So many things struck me as wrong about the latest Netflix communication in which CEO Reed Hastings apologized and then announced the DVD business will be spun off into a separate brand,
Creating a new brand: Brands are powerful. They mean something. They are difficult and expensive to build. Netflix has a great brand. Why start from almost scratch for a DVD business? A new brand won’t have the warm, fuzzy feelings the name Netflix currently brings. Can you imagine Pizza Hut spinning off its delivery business under a new brand? Fed Ex renaming its Ground service? Charlie Sheen renaming his multiple personalities (call the nice one on the Emmys last night “Charles”)? I see businesses all the time think they can create products under new brands without understanding the work and expense it takes to get the kind of recognition Netflix has now. Netflix probably does understand, but it would seem to be making things unnecessarily difficult.
Spinning off the DVD business: Based on my use of the service, Netflix is taking the wrong view of their product.
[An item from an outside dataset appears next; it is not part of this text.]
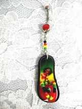 BOB MARLEY CARTOON RASTA COLOR YIN YAN FLIP FLOP ON 14g RED CZ BELLY BUTTON RING

Netflix is looking at itself as having two products, disc rentals and streaming video. I view Netflix as one entertainment product with complementary delivery methods. Disc rentals and streaming video each have strengths that make up for the other’s weaknesses. Discs offer greater choice of titles. Streaming video offers instant gratification and mobility. Completely separating these means Netflix is just like any other Over the Top streaming media company, including many that have come and gone over the years. Up to now, the recent split of services still allowed easy migration between the two. Also, if discs are a dying medium, is Qwikster created with the expectation of shrinking? New brands are usually created to grow, not act as a technological hospice.
Limiting the product offerings: Barring major new feature announcements, this makes the Netflix streaming business a one-trick pony. A laser-like focus on a single business can be good, but competitors such as HBO seem to be finding success from offering multiple delivery methods (cable, video on demand, discs and HBO GO streaming), so why would Netflix want to put themselves at a disadvantage? (Note: I’m dropping my Netflix streaming and keeping the disc plan because I’m already paying for services like HBO and Amazon Prime that provide streaming video at no extra cost.)
Removing the DVD gateway to streaming: Disc rentals are a gateway drug to streaming. I believe many customers who might not be familiar with connecting devices to TVs for streaming movies might sign up for DVD rentals first and then ease into the Watch Instantly service. This separation creates a higher hurdle to entice consumers to jump. Netflix now loses the support of hooking people on discs and moving them up the digital product chain.
Inconvenience for customers: I took a survey at my bathroom sink this morning and 100% of the wives present agreed this split is not good. My wife also handles all the family accounting and I know she would not want yet another bill to track every month.
Ratings: One of the great features of Netflix is its recommendation engine. It relies in part on your ratings of movies. Separating these services means movies you rate in the disc service won’t be rated in the streaming service. Netflix will no longer use a combined view of your entertainment choices and each service will have less user data.
Increased costs: I think it’s reasonable to expect increased advertising and staffing costs with this split. A new brand will need marketing to support it. There will be new executive positions. Separate billing means additional billing operations and extra credit card processing fees someone has to pay.
The name Qwikster: It sounds like a quick lube oil change place or a convenience store. Not only did Netflix choose a new name for the DVD service, it chose one hard to spell. You have to see the name before you know how to spell it. Even the New York Post got it wrong – their online article this morning spelled it “Quickster” in the headline and “Qwikster” in the body. But the owners of quickster.com, qwickster.com and qwuickster.com just won the domain parking lottery.
Potentially making data less transparent: Now that consumers will have separate accounts, that may make it harder to judge Netflix’s market penetration. We may not know how many consumers subscribe to both the disc and streaming businesses. You may know their total customers are 25 million across both services, but not whether that represents reach to 25 million or 12.5 households unless Netflix reports combined data across both brands.
Dropping new bombshells and making things worse in an apology: Major material details of a product change shouldn’t come through an apology for something announced weeks ago. It’s like, “Sorry about that price hike and by the way, we forgot to mention….” Surprises in apologies are good when you’re announcing a rebate or some benefit for customers, not when you’re going to make the product change even more complicated. There is a communication problem, but the bigger issue is with the actual decisions being made. I think consumers understood the change pretty well, at least until this announcement, and just didn’t like it. These new details about separately branded services and multiple accounts won’t make people like the change any better. Is anyone going to say, “Thank goodness they separated my DVD service, put it under a new brand name, made me keep track of a new account, turned one monthly bill into two and made me rate movies in two places because I know it will make both services better in the long run?”
Separating services can make it easier for each to concentrate on its own path, but I don’t buy that this can’t be done behind the scenes without impacting consumers so much and requiring a whole new brand. A few months ago, I expected to always be a consumer proponent of Netflix, not a critic, but the short term missteps just seem to keep on coming. Only time and the market will tell if things turn out.